Melting Behavior of Siliceous Nickel Ore in a Rotary Kiln to Produce Ferronickel Alloys

Abstract

Ferronickel alloys as a nickel source for high alloy steels such as stainless steels are produced from garnierite ores by means of a rotary kiln. That is basically modification of Krupp–Renn process by which clinkers, that are mixtures of ferronickel alloy particles and partially melted slag, can be extracted. It is necessary to have exact knowledge of how the ore is softening with increasing temperature because controlling this behavior is considered to be a key to stable operation.
A study has been carried out to understand the melting behavior of pelletized siliceous nickel ore samples blended with limestone and anthracite heating up to 1300°C. Microscopic observation revealed that mineralogical phases in equilibrium were 2(Mg, Fe)O·SiO₂ olivine and (Mg, Fe)O·SiO₂ enstatite. It was further found that clear formation of liquid phase composed of CaO–SiO₂–FeO–Al₂O₃–MgO system as a result of assimilation with CaO in the case of ore containing higher Al₂O₃ and CaO contents with lower MgO/SiO₂ ratio. Besides, this type of ore had ability to be molten by itself to generate primary liquid inside the ore. The primary liquid formation could promote assimilation with CaO particles to spread liquid phase causing melting of the ore.

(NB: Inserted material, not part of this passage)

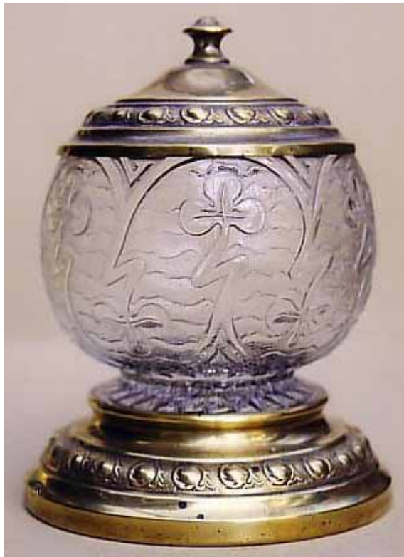
Abb. 2004-1/243 Dose mit Kleeblättern, Metall-Deckel u. -Boden farbl., press-geblasenes Glas, Glas H 15,5 cm, D 9,0 cm Sammlung Zeh Hersteller unbekannt

Mineralogical phases at 1300°C calculated by thermodynamic software were in good agreement with the experimental results.

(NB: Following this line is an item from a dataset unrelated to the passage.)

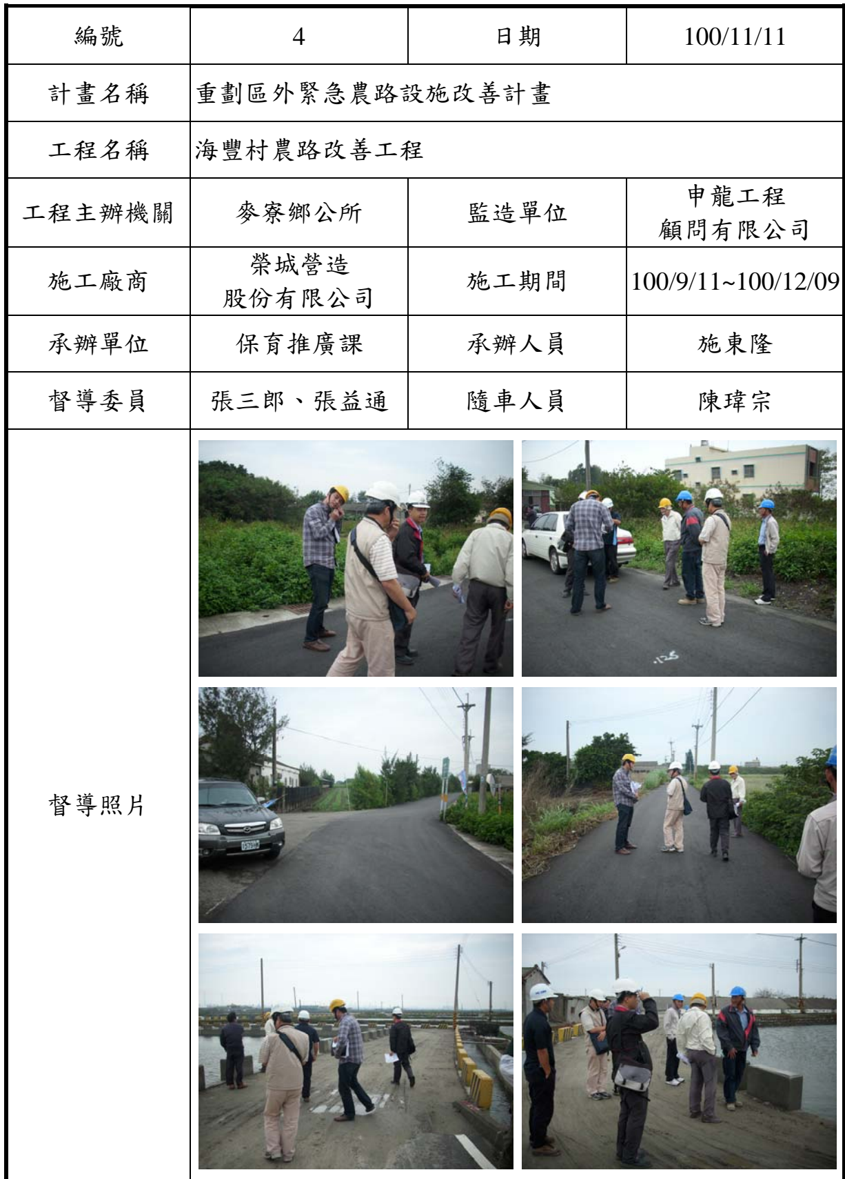
表 7-4 協助辦理工程督導一覽表 (4/4)

In contrast, ore with lower Al₂O₃ and CaO contents with higher MgO/SiO₂ ratio could not generate liquid phase even though limestone was blended. A number of remained CaO particles were observed without assimilating with the ore. It was therefore considered that higher assimilation ability of CaO with ore enhanced liquid formation and that this property was determined mainly by Al₂O₃ and CaO contents and MgO/SiO₂ ratio of the ore.